Validation of two multiplex lateral flow devices for the rapid detection and typing of foot-and-mouth disease viruses.

Lateral Flow Devices (LFDs) represent a simple tool for the rapid diagnosis of FMD, particularly in endemic regions, often lacking adequate and equipped laboratories. Other experimental prototypes offer a user-friendly FMD confirmation tool, but serotype identification is crucial for transmission patterns evaluation and for vaccine selection and their serotyping capacity was limited. This study describes the validation of two multiplex devices based on well-characterized monoclonal antibodies: LFD1 (O, A and Asia1) and LFD2 (SAT1 and SAT2). First, the ability of the LFDs to recognize the widest spectrum of strains was assessed. Eighty-three tissue-cultured FMDV strains were tested with LFD1 and 15 with LFD2, confirming the capability to recognize and serotype a broad range of lineages and sub-lineages belonging to all 7 endemic pools. The diagnostic sensitivity related to FMDV detection was evaluated using 224 real-time RT-PCR positive samples collected in endemic countries, resulting in 87.5 % for LFD1 (140/160 detected) and 70 % for LFD2 (45/64 detected).
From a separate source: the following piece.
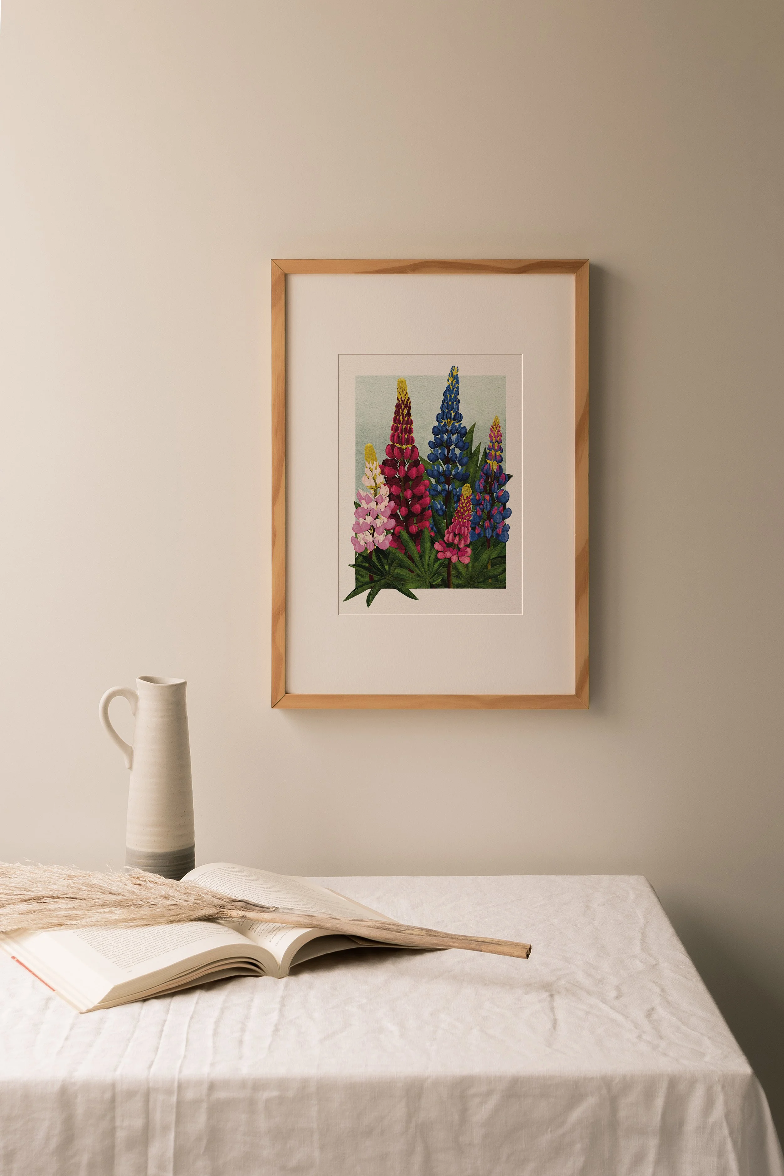 ‘Lupins’ fine art print displayed in soft natural light — a perfect balance of vibrancy and care.

The diagnostic sensitivity of serotyping capabilities was assessed by testing field samples in parallel with an antigen-ELISA kit: applied on 178 samples, LFD1 correctly typed 96 %, 94 % and 83 % of samples positive for type O (n = 95), A (n = 54) and Asia1 (n = 29) respectively, while LFD2 correctly typed 77 % SAT1 (n = 52) and 82 % SAT2 (n = 40) in 92 positive field samples. A 100 % diagnostic specificity was found testing 60 epithelium homogenates collected from animals negative for FMD. Obtained data highlighted the devices' potential value for field use to support the enhanced surveillance of FMD.